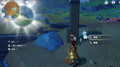 2、在上图最高点的位置,我们能够发现,有个木桩,通过在周围开启调查,就能发现鸟窝。
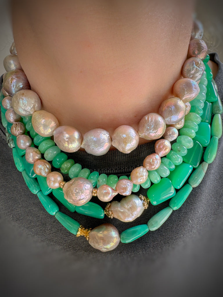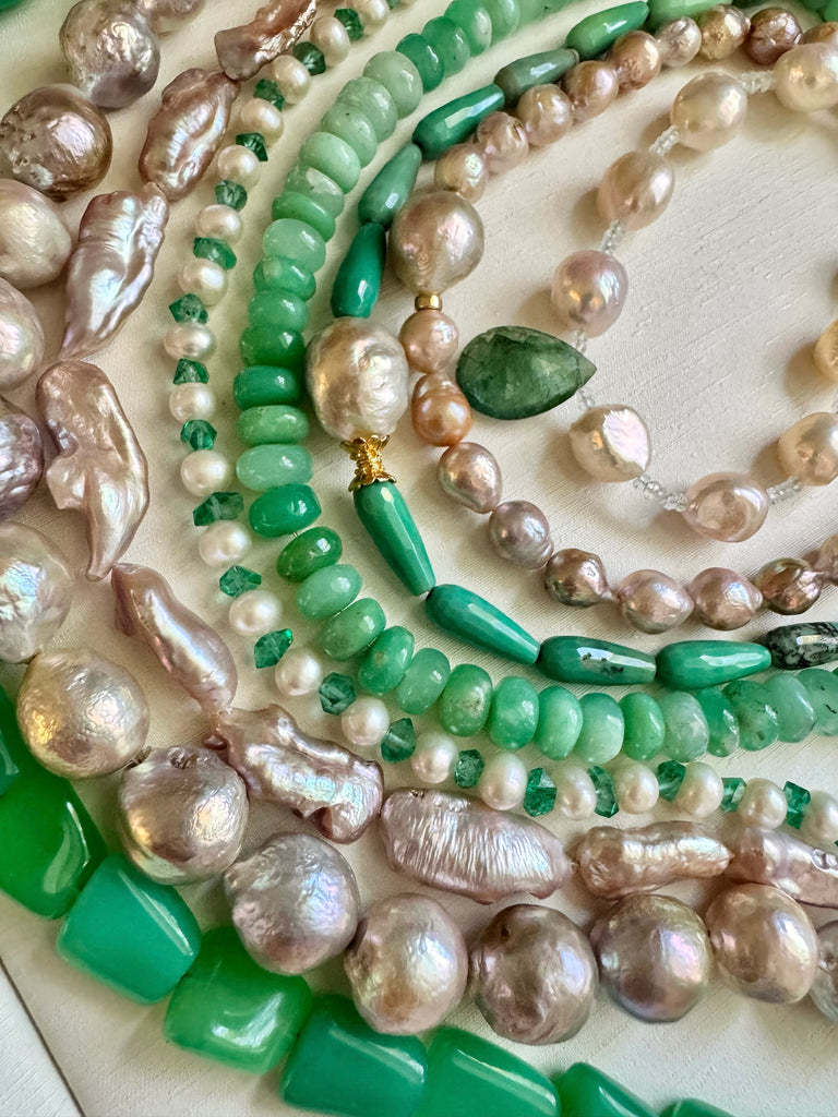 Beautiful statement grassy agate bead necklace with freshwater Edison baroque pearl
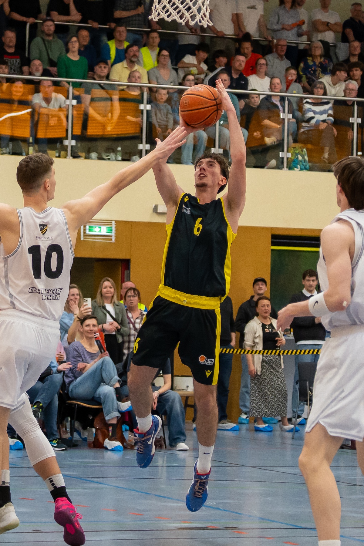 Im Schlussabschnitt mussten die Gäste jedoch immer wieder der hohen individuellen Qualität der Weimarer Tribut zollen, vor allem von jenseits der Dreierlinie waren die Thüringer diesmal überdurchschnittlich erfolgreich: insgesamt 13 von 31 Dreiern (42 %) fanden ihren Weg in den Korb. Wie bereits im Hinspiel wollten in den letzten zwei Minuten bei nur vier Punkten Differenz bei Jahn München die Würfe nicht fallen und die Gegner blieben bei den Freiwürfen fehlerlos, sodass auch dieses Spiel etwas zu hoch ausfiel.
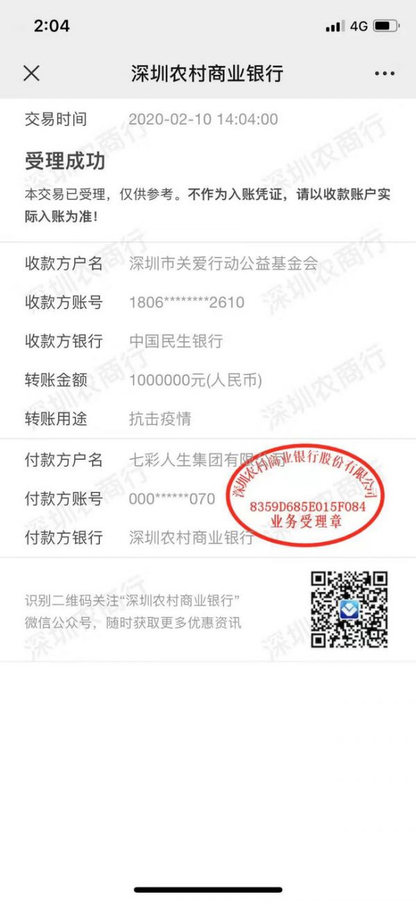 据了解,这并不是七彩人生集团在此次防控新冠肺炎阻击战的第一次捐款。早在 1 月 29 日,七彩人生集团便向武汉市红十字会捐款 10 万元,用于支持疫情地区应急物资的采购。
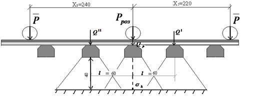 Отже сила тиску рейки на опору по сусідній шпалі становитиме:
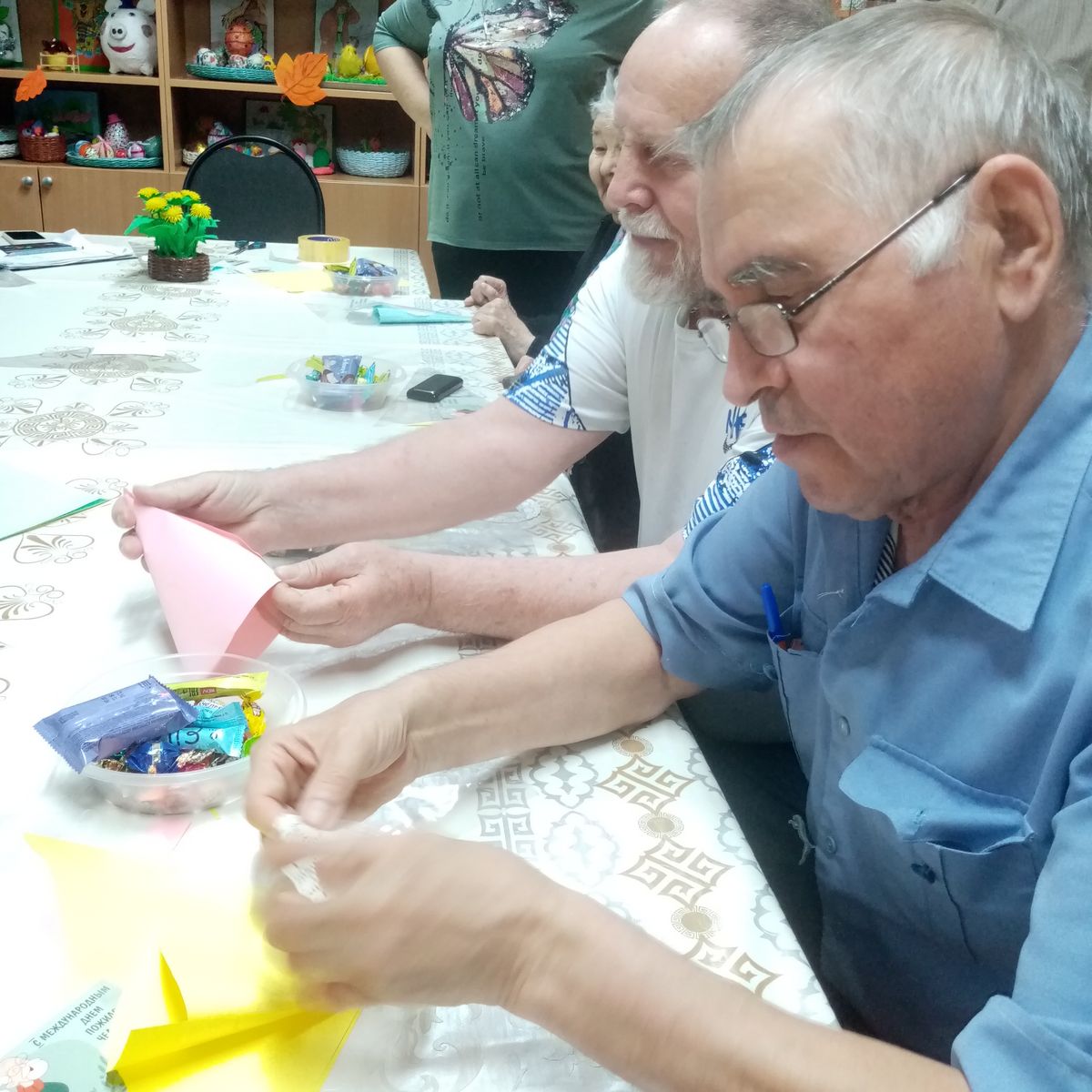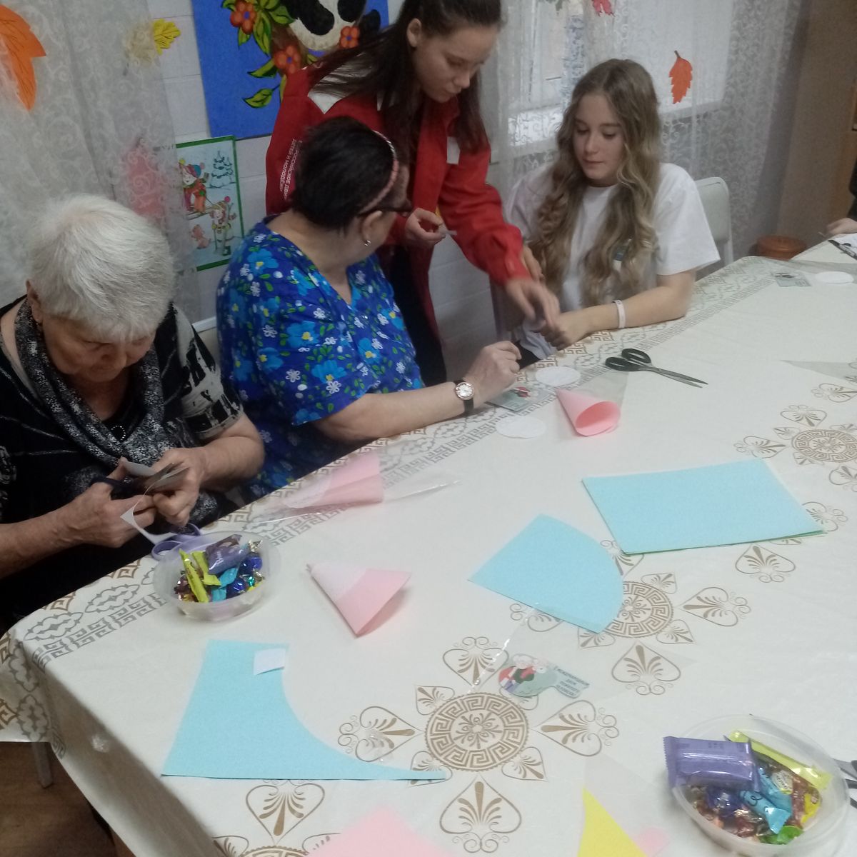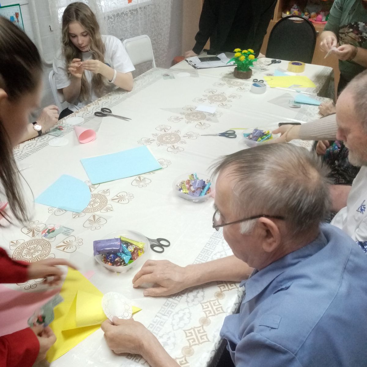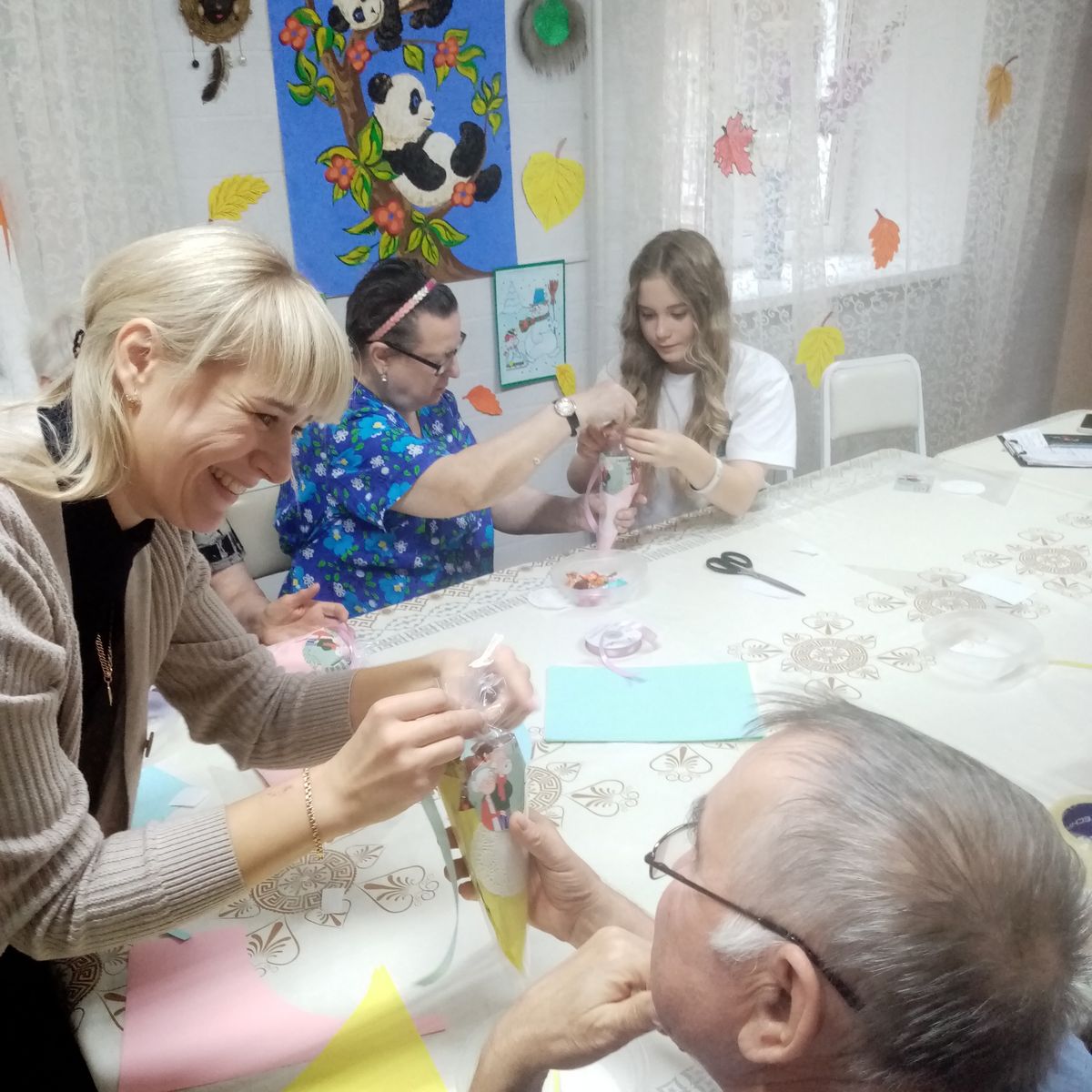 Ребята вместе с жителями принялись за работу, активно вырезали яркие фигуры для упаковки, оформляли и клеили аппликации, вели беседы, помогая друг другу в сотворении красивого пакета для подарка. В процессе изготовления ребята рассказывали различные истории о волонтерском направлении, а жители делились интересными моментами из своей жизни.

▶ [How to complete this task]: All that is wanted is each line, word for word, from the first line of the data to the one holding "Beautiful statement grassy", with the pictures left out.

▶ [Solution to this task]:
 2、在上图最高点的位置,我们能够发现,有个木桩,通过在周围开启调查,就能发现鸟窝。
 Beautiful statement grassy agate bead necklace with freshwater Edison baroque pearl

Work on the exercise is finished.